Task requirements: Repeat the listing word for word, but skip any pictures.

Task data:
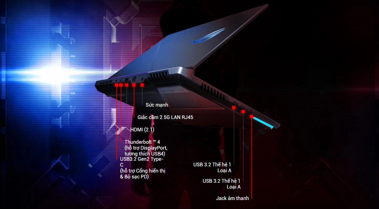 Asus ROG Strix SCAR 15 hoạt động đa nhiệm hiệu quả hơn qua cổng USB-C với DisplayPort 1.4, xem phim 4K UHD trên màn hình lớn hoặc dễ dàng kết nối máy chiếu với HDMI 2.1. Kết nối các thiết bị ngoại vi để bạn thoải mái sáng tạo.
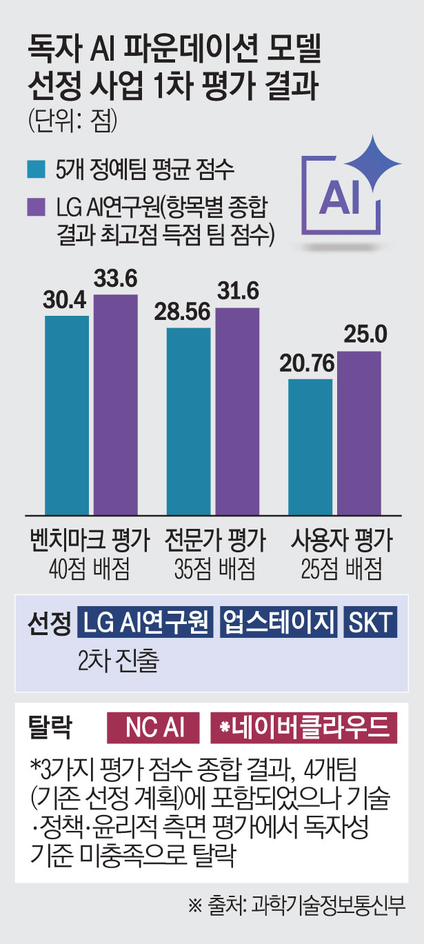 °úÇбâ¼úÁ¤º¸Åë½ÅºÎ´Â 15ÀÏ Á¤ºÎ¼¿ïû»ç¿¡¼ ·ùÁ¦¸í 2Â÷°ü ÁÖÀç·Î ºê¸®ÇÎÀ» ¿¾î 1Â÷ Æò°¡ °á°ú¸¦ À̰°ÀÌ ¹ßÇ¥Çß´Ù. °ú±âÁ¤ÅëºÎ´Â À̹ø Æò°¡¿¡¼ AI º¥Ä¡¸¶Å©(¼ö·®ÈµÈ ±â¼ú ôµµ), Àü¹®°¡ ¹× »ç¿ëÀÚ Æò°¡¸¦ ÁøÇàÇØ AI ¸ðµ¨ ¼º´É, ½ÇÁ¦ ÇöÀå µî¿¡¼ÀÇ È°¿ë °¡´É¼º, ¸ðµ¨ Å©±â µîÀÇ ºñ¿ë È¿À²¼º, ±¹³»¿Ü AI »ýÅÂ°è ÆÄ±Þ È¿°ú µîÀ» Á¾ÇÕÀûÀ¸·Î Æò°¡Çß´Ù. ÀÌ °úÁ¤¿¡¼ LG AI¿¬±¸¿øÀÌ Àü ºÎ¹®¿¡¼ °¡Àå ³ôÀº Á¡¼ö¸¦ ±â·ÏÇß°í ³×À̹öŬ¶ó¿ìµå¿Í SKÅÚ·¹ÄÞ, ¾÷½ºÅ×ÀÌÁö°¡ »óÀ§±Ç¿¡ ¿Ã¶ú´Ù. ´Ù¸¸ ³×À̹öŬ¶ó¿ìµå´Â ¼º´É°ú º°°³·Î µ¶ÀÚ¼º ±âÁØÀ» ÃæÁ·ÇÏÁö ¸øÇß´Ù´Â Á¤Ã¥Àû ÆÇ´Ü¿¡ µû¶ó Å»¶ôÇß´Ù. ¹Ý¸é NC AI´Â µ¶ÀÚ¼º ¹®Á¦´Â Á¦±âµÇÁö ¾Ê¾ÒÀ¸³ª Á¾ÇÕ Á¡¼ö °æÀï¿¡¼ »óÀ§±Ç¿¡ µéÁö ¸øÇØ Á¦¿ÜµÆ´Ù.
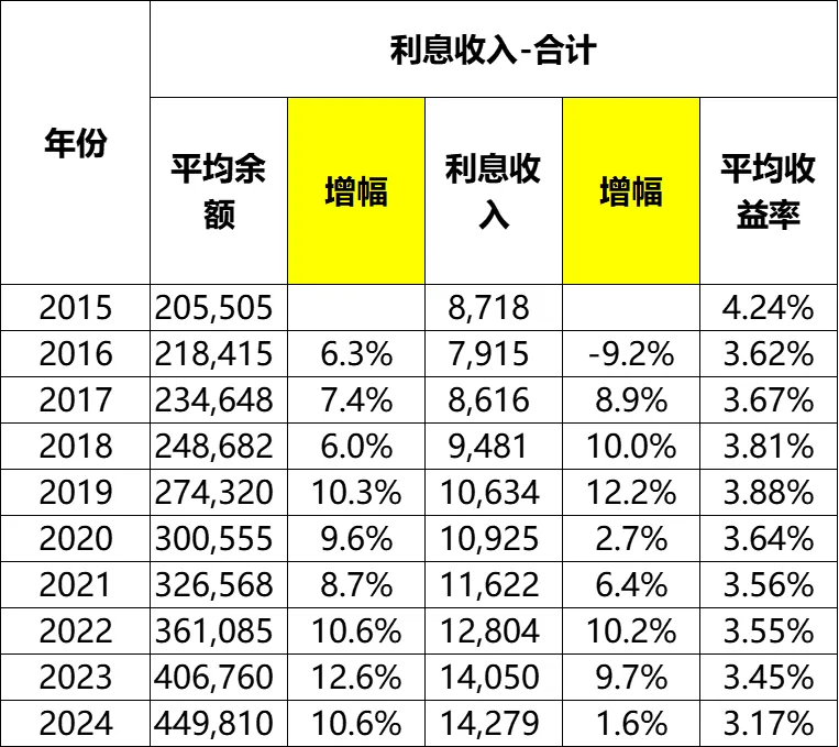 平均余额方面,从2015年的20.55万亿,增长到2024年的44.98万亿,累计增幅119%,年化增幅9.1%,2022~2024年增幅分别为10.6%、12.6%、10.6%,均为两位数的增长。
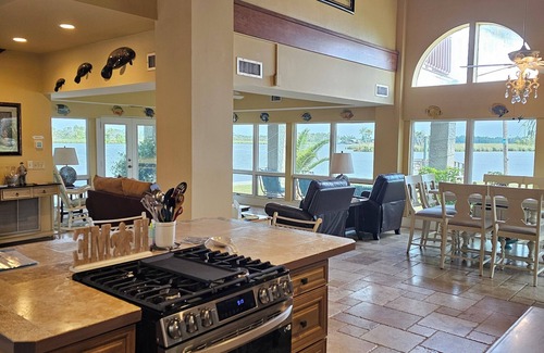 Afuera tienes mucho espacio. El malecón tiene más de 500 pies de largo con muchos lugares excelentes para pasar el rato. Puedes buscar manatíes, delfines y otras especies marinas. También hay aves rapaces que a veces se pueden observar junto con muchas otras aves. La propiedad está ajardinada con muchas flores, plantas, palmeras, plátanos y tilos. ¡Una de nuestras actividades favoritas es llevar una silla de jardín al punto norte y relajarse de una manera especial!
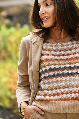 Drew's Pinwale Corduroy Jacket Adds a Modern Twist for Fall! This Lightweight Camel 5 Button Jacket Pairs Back to the Coordinating Wide Leg Trouser for a Polished Fall Look!
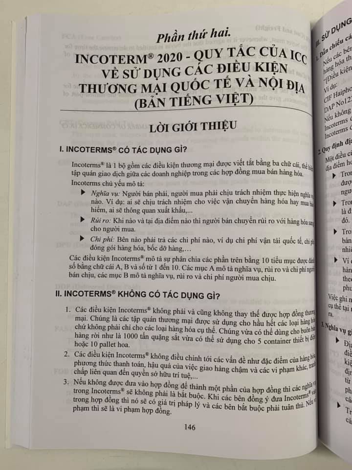 Incoterm 2020 - Quy tắc của ICC về sử dụng các điều kiện thương mại quốc tế và nội địa (Song ngữ Anh - Việt) Nhà xuất bản: Tài Chính Tác giả: Vũ Thu Phương Ngày xuất bản: 3.2020 Khổ sách: 20*28cm Số trang: 486 trang Hình thức bìa: Bìa mềm Công ty phát hành:  Dân Hiền Lời giới thiệu: Incoterms là một bộ các qui tắc thương mại quốc tế được công nhận và sử dụng rộng rãi trên toàn thế giới do Phòng thương mại Quốc tế (ICC) ban hành. Từ khi ra đời (năm 1936) đến nay, Incoterms đã trải qua 7 lần sửa đổi. Như thường lệ, bản incoterms mới ra đời thường sẽ có những thay đổi về mặt hình thức, cấu trúc cũng như thêm mới các diễn giải, hướng dẫn chi tiết nhằm giúp người dùng lựa chọn và sử dụng hiệu quả các điều kiện Incoterms. Bên cạnh những thay đổi này, Ban Soạn thảo Incoterms 2020 của ICC cũng đưa ra các điều chỉnh quan trọng về nội dung của bản Incoterms 2020 so với bản 2010 như sắp xếp lại các mục nghĩa vụ của các bên để làm rõ hơn nội dung của nghĩa vụ giao hàng và phân chia rủi ro, ghi chú dòng chữ on-board trên vận đơn đường biển dùng trong điều kiện FCA… Incoterms 2020 với 11 điều kiện và chính thức có hiệu lực từ ngày 01/01/2020. Nhằm giúp các bạn đọc và doanh nghiệp, doanh nhân nắm rõ các điều kiện Incoterms 2020 để thuận lợi hơn khi đàm phán, kí kết và tổ chức các công việc có liên quan đến hoạt động thương mại quốc tế, Trung tâm Pháp luật Sài Gòn Hà Nội liên kết với Nhà xuất bản Tài Chính cho xuất bản cuốn sách: INCOTERMS 2020 - QUY TẮC CỦA ICC VỀ SỬ DỤNG CÁC ĐIỀU KIỆN THƯƠNG MẠI QUỐC TẾ VÀ NỘI ĐỊA (Song ngữ Anh - Việt) Và Các Văn Bản Mới Nhất Về Kiểm Tra Giám Sát Hải Quan, Xác Định Xuất Xứ Hàng Hóa Xuất Khẩu, Nhập Khẩu Nội dung cuốn sách gồm các phần chính sau: Phần thứ nhất. INCOTERM 2020 - QUY TẮC CỦA ICC VỀ SỬ DỤNG CÁC ĐIỀU KIỆN THƯƠNG MẠI QUỐC TẾ VÀ NỘI ĐỊA (BẢN TIẾNG ANH) Phần thứ hai. INCOTERM 2020 - QUY TẮC CỦA ICC VỀ SỬ DỤNG CÁC ĐIỀU KIỆN THƯƠNG MẠI QUỐC TẾ VÀ NỘI ĐỊA (BẢN TIẾNG VIỆT) Phần thứ ba. NỘI DUNG CHÍNH HIỆP ĐỊNH THƯƠNG MẠI TỰ DO GIỮA CỘNG HÒA XÃ HỘI CHỦ NGHĨA VIỆT NAM VÀ LIÊN MINH CHÂU ÂU Phần thứ tư. QUY ĐỊNH VỀ KIỂM TRA GIÁM SÁT HẢI QUAN, XÁC ĐỊNH XUẤT XỨ HÀNG HÓA XUẤT KHẨU NHẬP KHẨU
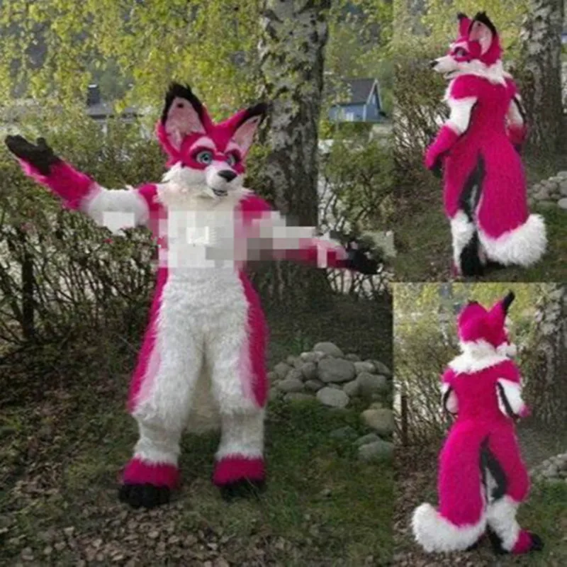 Special Offer Halloween Sexy Fursuit Lange Fur Red Husky Maskottchen Kostüm Anzug Erwachsene Wolf Fuchs Hund Kostüm Cosplay Party Spiel Kleid Mädchen Kostüm Discount 10% Today!
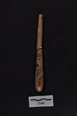 | Description / विवरण | Complete specimen, broken in two fragments, elongated bulbous head, body tapering to a point, light brown in colour and polished body |
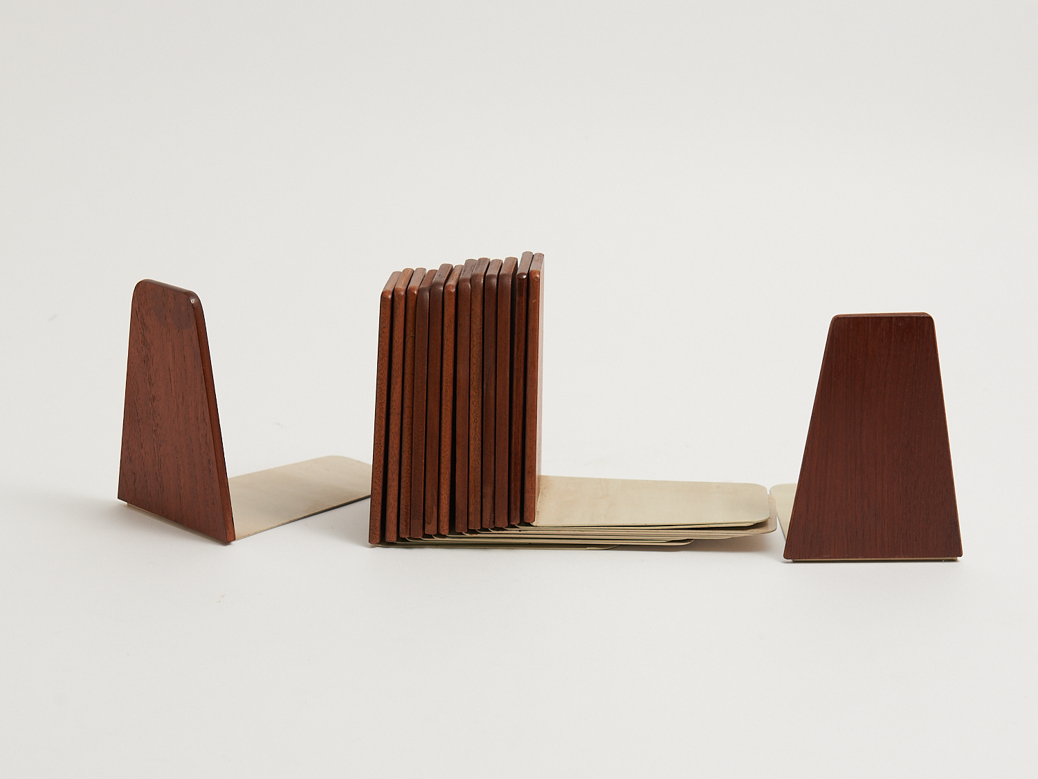 A COLLECTION OF TEAK AND METAL DANISH BOOKENDS (14) H.14 CM, LEONARD JOEL LOCAL DELIVERY: SMALL
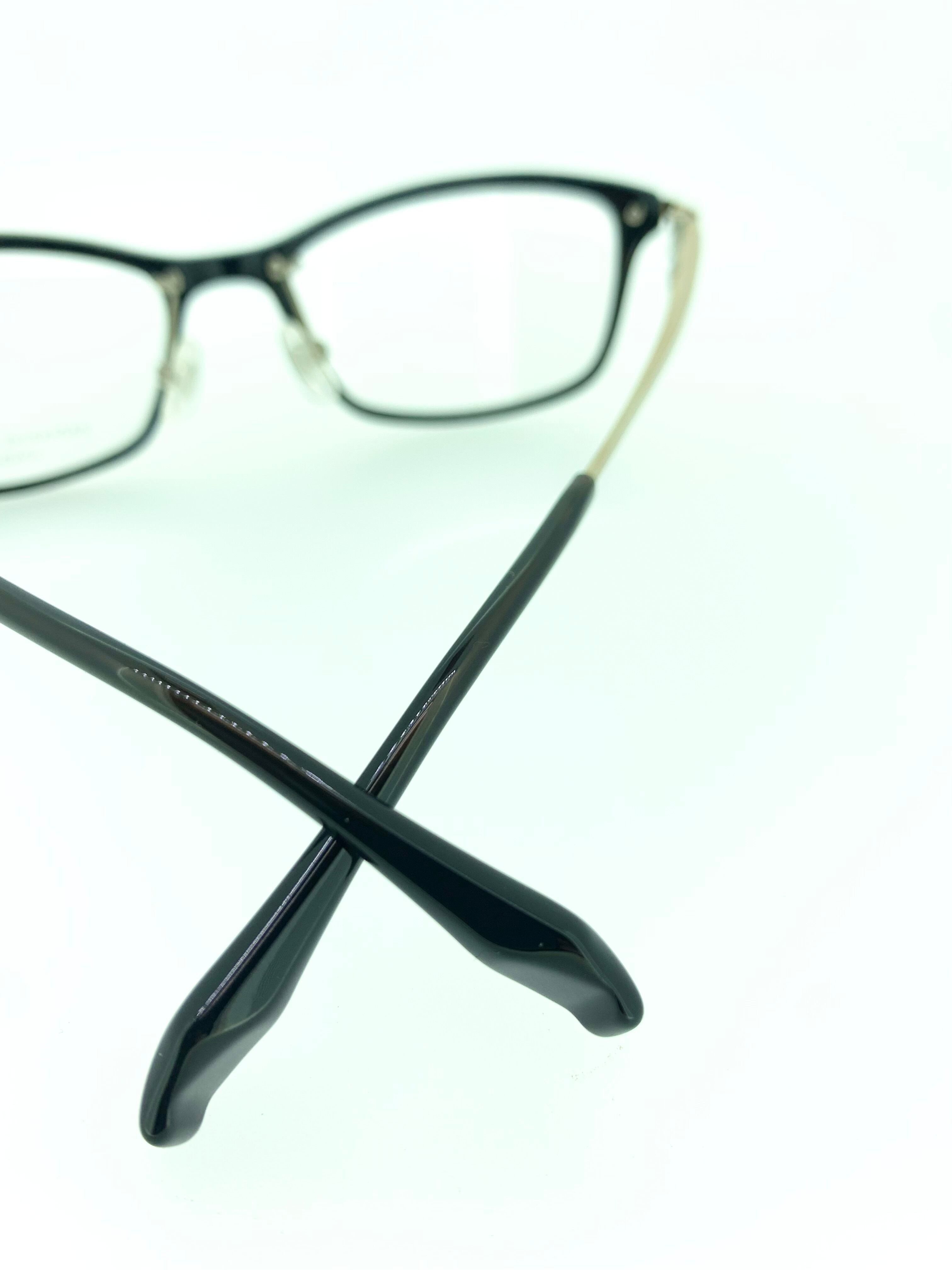 ポリッシュブラックのセルフロントにハッキリとしたウエリントンシェイプがスタイリッシュなコンビネーションフレーム。目尻にかけてワイドになる上部リムのラインがキリッとした印象になっていて特徴的です。真鍮のように光沢を抑えたテンプルメタルの質感が上品な高級感を生み出したお洒落な作品となっています。

The answer:
 Asus ROG Strix SCAR 15 hoạt động đa nhiệm hiệu quả hơn qua cổng USB-C với DisplayPort 1.4, xem phim 4K UHD trên màn hình lớn hoặc dễ dàng kết nối máy chiếu với HDMI 2.1. Kết nối các thiết bị ngoại vi để bạn thoải mái sáng tạo.
 °úÇбâ¼úÁ¤º¸Åë½ÅºÎ´Â 15ÀÏ Á¤ºÎ¼¿ïû»ç¿¡¼ ·ùÁ¦¸í 2Â÷°ü ÁÖÀç·Î ºê¸®ÇÎÀ» ¿¾î 1Â÷ Æò°¡ °á°ú¸¦ À̰°ÀÌ ¹ßÇ¥Çß´Ù. °ú±âÁ¤ÅëºÎ´Â À̹ø Æò°¡¿¡¼ AI º¥Ä¡¸¶Å©(¼ö·®ÈµÈ ±â¼ú ôµµ), Àü¹®°¡ ¹× »ç¿ëÀÚ Æò°¡¸¦ ÁøÇàÇØ AI ¸ðµ¨ ¼º´É, ½ÇÁ¦ ÇöÀå µî¿¡¼ÀÇ È°¿ë °¡´É¼º, ¸ðµ¨ Å©±â µîÀÇ ºñ¿ë È¿À²¼º, ±¹³»¿Ü AI »ýÅÂ°è ÆÄ±Þ È¿°ú µîÀ» Á¾ÇÕÀûÀ¸·Î Æò°¡Çß´Ù. ÀÌ °úÁ¤¿¡¼ LG AI¿¬±¸¿øÀÌ Àü ºÎ¹®¿¡¼ °¡Àå ³ôÀº Á¡¼ö¸¦ ±â·ÏÇß°í ³×À̹öŬ¶ó¿ìµå¿Í SKÅÚ·¹ÄÞ, ¾÷½ºÅ×ÀÌÁö°¡ »óÀ§±Ç¿¡ ¿Ã¶ú´Ù. ´Ù¸¸ ³×À̹öŬ¶ó¿ìµå´Â ¼º´É°ú º°°³·Î µ¶ÀÚ¼º ±âÁØÀ» ÃæÁ·ÇÏÁö ¸øÇß´Ù´Â Á¤Ã¥Àû ÆÇ´Ü¿¡ µû¶ó Å»¶ôÇß´Ù. ¹Ý¸é NC AI´Â µ¶ÀÚ¼º ¹®Á¦´Â Á¦±âµÇÁö ¾Ê¾ÒÀ¸³ª Á¾ÇÕ Á¡¼ö °æÀï¿¡¼ »óÀ§±Ç¿¡ µéÁö ¸øÇØ Á¦¿ÜµÆ´Ù.
 平均余额方面,从2015年的20.55万亿,增长到2024年的44.98万亿,累计增幅119%,年化增幅9.1%,2022~2024年增幅分别为10.6%、12.6%、10.6%,均为两位数的增长。
 Afuera tienes mucho espacio. El malecón tiene más de 500 pies de largo con muchos lugares excelentes para pasar el rato. Puedes buscar manatíes, delfines y otras especies marinas. También hay aves rapaces que a veces se pueden observar junto con muchas otras aves. La propiedad está ajardinada con muchas flores, plantas, palmeras, plátanos y tilos. ¡Una de nuestras actividades favoritas es llevar una silla de jardín al punto norte y relajarse de una manera especial!
 Drew's Pinwale Corduroy Jacket Adds a Modern Twist for Fall! This Lightweight Camel 5 Button Jacket Pairs Back to the Coordinating Wide Leg Trouser for a Polished Fall Look!
 Incoterm 2020 - Quy tắc của ICC về sử dụng các điều kiện thương mại quốc tế và nội địa (Song ngữ Anh - Việt) Nhà xuất bản: Tài Chính Tác giả: Vũ Thu Phương Ngày xuất bản: 3.2020 Khổ sách: 20*28cm Số trang: 486 trang Hình thức bìa: Bìa mềm Công ty phát hành:  Dân Hiền Lời giới thiệu: Incoterms là một bộ các qui tắc thương mại quốc tế được công nhận và sử dụng rộng rãi trên toàn thế giới do Phòng thương mại Quốc tế (ICC) ban hành. Từ khi ra đời (năm 1936) đến nay, Incoterms đã trải qua 7 lần sửa đổi. Như thường lệ, bản incoterms mới ra đời thường sẽ có những thay đổi về mặt hình thức, cấu trúc cũng như thêm mới các diễn giải, hướng dẫn chi tiết nhằm giúp người dùng lựa chọn và sử dụng hiệu quả các điều kiện Incoterms. Bên cạnh những thay đổi này, Ban Soạn thảo Incoterms 2020 của ICC cũng đưa ra các điều chỉnh quan trọng về nội dung của bản Incoterms 2020 so với bản 2010 như sắp xếp lại các mục nghĩa vụ của các bên để làm rõ hơn nội dung của nghĩa vụ giao hàng và phân chia rủi ro, ghi chú dòng chữ on-board trên vận đơn đường biển dùng trong điều kiện FCA… Incoterms 2020 với 11 điều kiện và chính thức có hiệu lực từ ngày 01/01/2020. Nhằm giúp các bạn đọc và doanh nghiệp, doanh nhân nắm rõ các điều kiện Incoterms 2020 để thuận lợi hơn khi đàm phán, kí kết và tổ chức các công việc có liên quan đến hoạt động thương mại quốc tế, Trung tâm Pháp luật Sài Gòn Hà Nội liên kết với Nhà xuất bản Tài Chính cho xuất bản cuốn sách: INCOTERMS 2020 - QUY TẮC CỦA ICC VỀ SỬ DỤNG CÁC ĐIỀU KIỆN THƯƠNG MẠI QUỐC TẾ VÀ NỘI ĐỊA (Song ngữ Anh - Việt) Và Các Văn Bản Mới Nhất Về Kiểm Tra Giám Sát Hải Quan, Xác Định Xuất Xứ Hàng Hóa Xuất Khẩu, Nhập Khẩu Nội dung cuốn sách gồm các phần chính sau: Phần thứ nhất. INCOTERM 2020 - QUY TẮC CỦA ICC VỀ SỬ DỤNG CÁC ĐIỀU KIỆN THƯƠNG MẠI QUỐC TẾ VÀ NỘI ĐỊA (BẢN TIẾNG ANH) Phần thứ hai. INCOTERM 2020 - QUY TẮC CỦA ICC VỀ SỬ DỤNG CÁC ĐIỀU KIỆN THƯƠNG MẠI QUỐC TẾ VÀ NỘI ĐỊA (BẢN TIẾNG VIỆT) Phần thứ ba. NỘI DUNG CHÍNH HIỆP ĐỊNH THƯƠNG MẠI TỰ DO GIỮA CỘNG HÒA XÃ HỘI CHỦ NGHĨA VIỆT NAM VÀ LIÊN MINH CHÂU ÂU Phần thứ tư. QUY ĐỊNH VỀ KIỂM TRA GIÁM SÁT HẢI QUAN, XÁC ĐỊNH XUẤT XỨ HÀNG HÓA XUẤT KHẨU NHẬP KHẨU
 Special Offer Halloween Sexy Fursuit Lange Fur Red Husky Maskottchen Kostüm Anzug Erwachsene Wolf Fuchs Hund Kostüm Cosplay Party Spiel Kleid Mädchen Kostüm Discount 10% Today!
 | Description / विवरण | Complete specimen, broken in two fragments, elongated bulbous head, body tapering to a point, light brown in colour and polished body |
 A COLLECTION OF TEAK AND METAL DANISH BOOKENDS (14) H.14 CM, LEONARD JOEL LOCAL DELIVERY: SMALL
 ポリッシュブラックのセルフロントにハッキリとしたウエリントンシェイプがスタイリッシュなコンビネーションフレーム。目尻にかけてワイドになる上部リムのラインがキリッとした印象になっていて特徴的です。真鍮のように光沢を抑えたテンプルメタルの質感が上品な高級感を生み出したお洒落な作品となっています。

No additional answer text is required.